Recent headlines pronounce that ADHD diagnoses are on the rise for both children and adults, especially women. In fact, adult diagnoses of ADHD are growing at a rate four times faster than cases in children, according to a study published in the Journal of the American Medical Association. While ADHD can come with a plethora of behaviors like hyperactivity, struggling to concentrate, or fidgeting and disorganization in adults, for some teachers — according to their students — it contributes to a number of personality strengths.
For instance, Mike Yates, a teacher who was diagnosed with ADHD, says his strategies for embracing the disorder are often what his students enjoy most about his teaching style.

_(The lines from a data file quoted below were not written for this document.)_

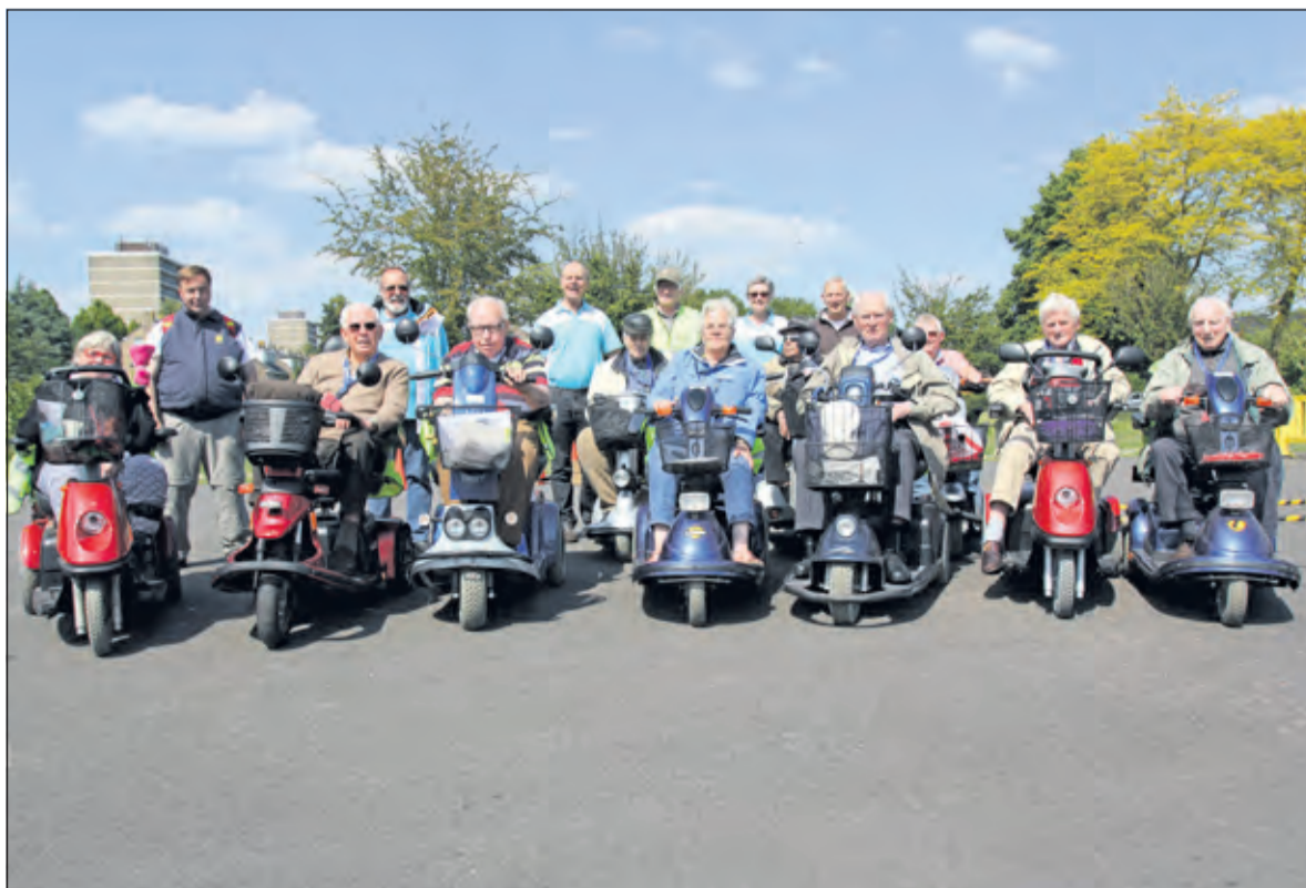
Deze deelnemers aan de scootmobielttraining kunnen veilig op pad.

Bij voldoende belangstelling vindt op woensdag 16 september weer een training plaats.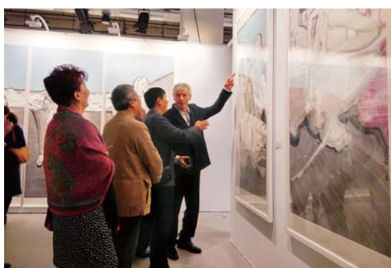
△法国艺术家观摩张望作品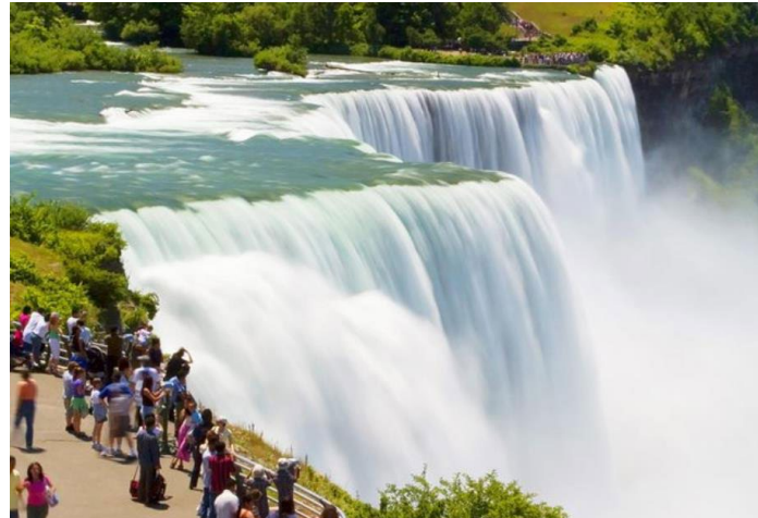
图表 6 参观尼亚加拉瀑布（Niagara Falls）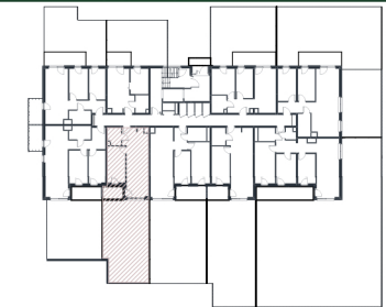
Rzut w skali 1:200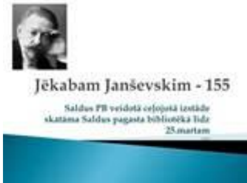
Novadniekam Jēkabam Janševskim 155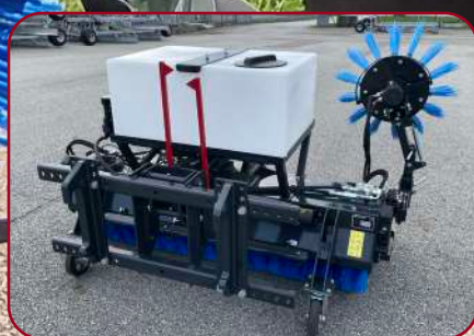
Sopvals SVF-180HB med multifäste och redskapskrokar

“When I became a teacher, I learned that I no longer needed to hide. I could say the words and identify with a part of myself. I embraced my ADHD and everything that comes with it. So in my classroom I tell funny stories that are loosely related to content sometimes. I show funny videos at random times during the class period just because they are funny,” he says. “I fidget freely and sometimes have even been known to run around my classroom when I hear an exceptional answer from a student. The funny thing is, these things are most of my students’ favorite thing about me as a teacher.”
How to Teach with ADHD
With nearly 75 percent of the teacher workforce being female, it stands to reason that climbing numbers of women being diagnosed with ADHD could impact the classroom environment.
To get at this,Yates suggests taking time to fidget —such as flipping a pen to help focus on tasks — and walking the halls during breaks to get a change of scenery.
How to Teach Kids with ADHD
Former schoolteacher, Elena Zimmerman, who herself has an ADD diagnosis, says that it’s not that a student with ADD or ADHD doesn’t possess an attention span, rather, it’s that they often find information easier to understand and process when they can see an application for said information. They can often keep track of new information better when it is well organized and presented clearly, such as with bullet point outlines or other forms of grouping and labeling vs. a large rambling text.
A student with ADD/ADHD may have to be often redirected to stay on task. They may also require directed questioning to determine if they have indeed understood the task and where to find information.
“The best way for teachers to accommodate students with ADHD is exactly the same way that teachers should have been accommodating all students since forever, by making their lessons diverse, interesting, and well organized,” says Zimmerman.
Dr. Flora Sadri, D.O. at PsyclarityHealth suggests teachers target immediate objectives when it comes to instructing students with attention disorders.
“Remember that long-term goals are frequently daunting when working with children who have ADHD. A child who has to wait for too long is likely to become impatient, lose interest, or give up on their objectives,” says Sadri. “Short-term learning objectives are advantageous for children with ADHD. Some people are only able to concentrate on accomplishing their tasks each day. Others could gain from setting a half-day objective that gives them multiple opportunities to feel successful and accomplished throughout the day.”
Tools for People with ADHD
In addition to these teaching tactics, there are tools available to people with ADHD to help alleviate symptoms.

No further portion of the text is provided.